• _Required action_
Leave out the pictures and output exactly the lines below from the one with "PALMEIRA DO PIAUÍ –" down to the one with "Uma ilustração lúdica", both of them included.

• _Source material_
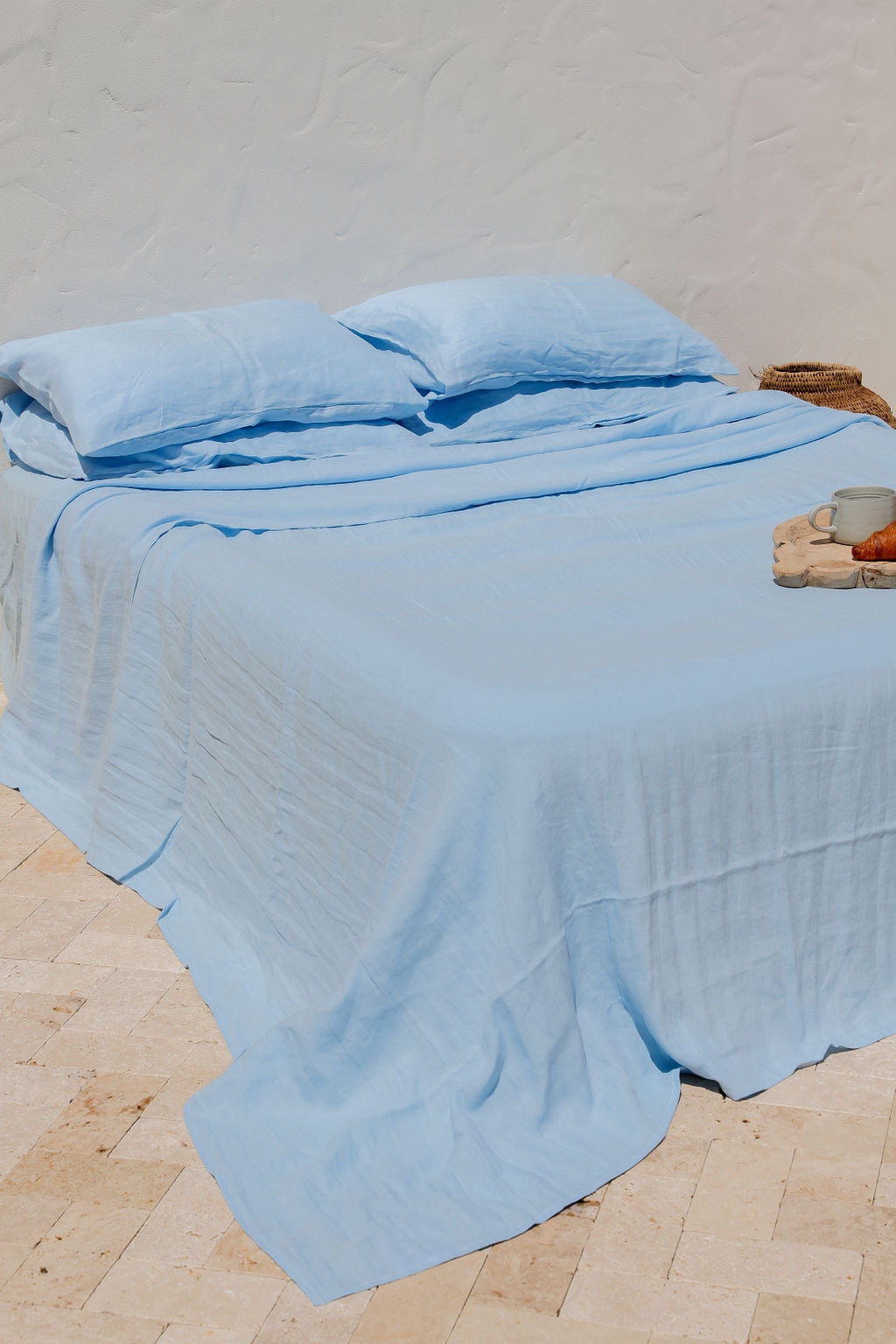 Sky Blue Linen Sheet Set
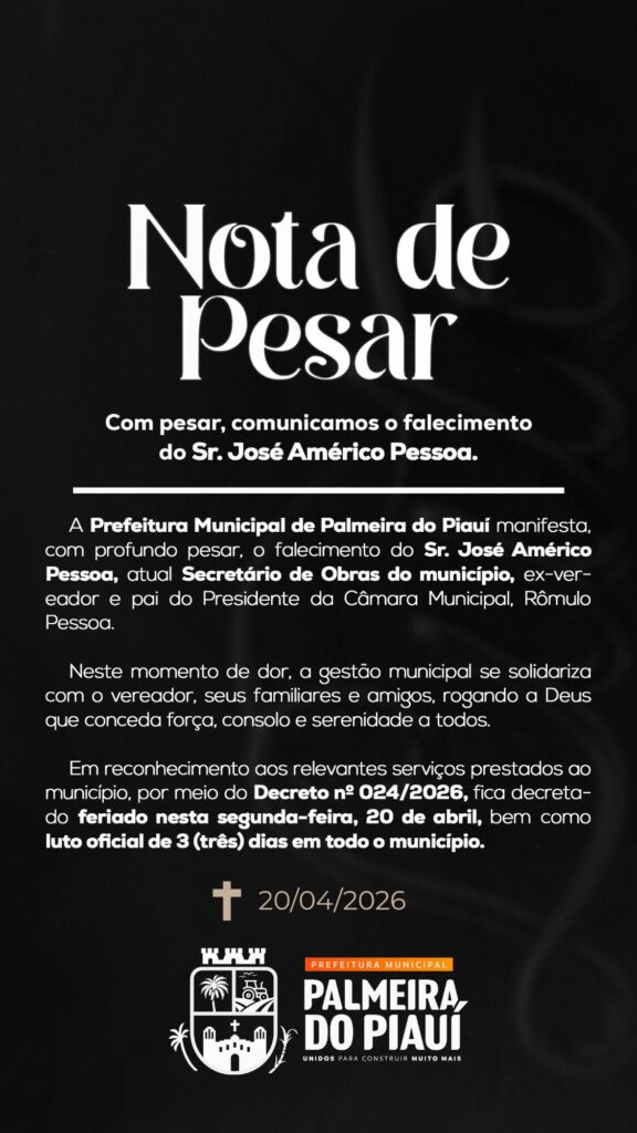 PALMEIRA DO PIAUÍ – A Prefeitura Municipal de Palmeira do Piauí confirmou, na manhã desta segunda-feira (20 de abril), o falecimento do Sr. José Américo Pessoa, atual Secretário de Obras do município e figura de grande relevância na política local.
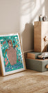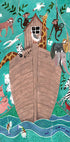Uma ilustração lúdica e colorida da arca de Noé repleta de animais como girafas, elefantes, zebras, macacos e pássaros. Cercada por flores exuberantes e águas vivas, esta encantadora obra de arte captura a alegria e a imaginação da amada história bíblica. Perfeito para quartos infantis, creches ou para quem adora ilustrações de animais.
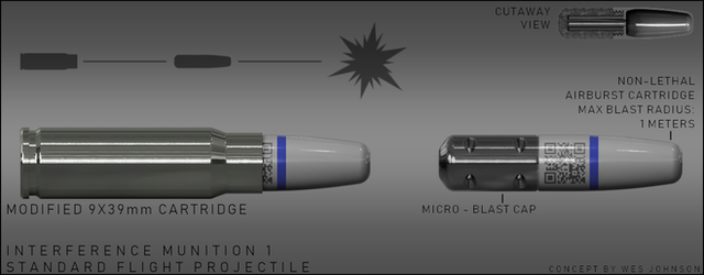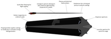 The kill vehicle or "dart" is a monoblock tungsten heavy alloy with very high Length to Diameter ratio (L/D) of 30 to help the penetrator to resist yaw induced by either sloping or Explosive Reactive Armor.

• _Output_
 PALMEIRA DO PIAUÍ – A Prefeitura Municipal de Palmeira do Piauí confirmou, na manhã desta segunda-feira (20 de abril), o falecimento do Sr. José Américo Pessoa, atual Secretário de Obras do município e figura de grande relevância na política local.
Uma ilustração lúdica e colorida da arca de Noé repleta de animais como girafas, elefantes, zebras, macacos e pássaros. Cercada por flores exuberantes e águas vivas, esta encantadora obra de arte captura a alegria e a imaginação da amada história bíblica. Perfeito para quartos infantis, creches ou para quem adora ilustrações de animais.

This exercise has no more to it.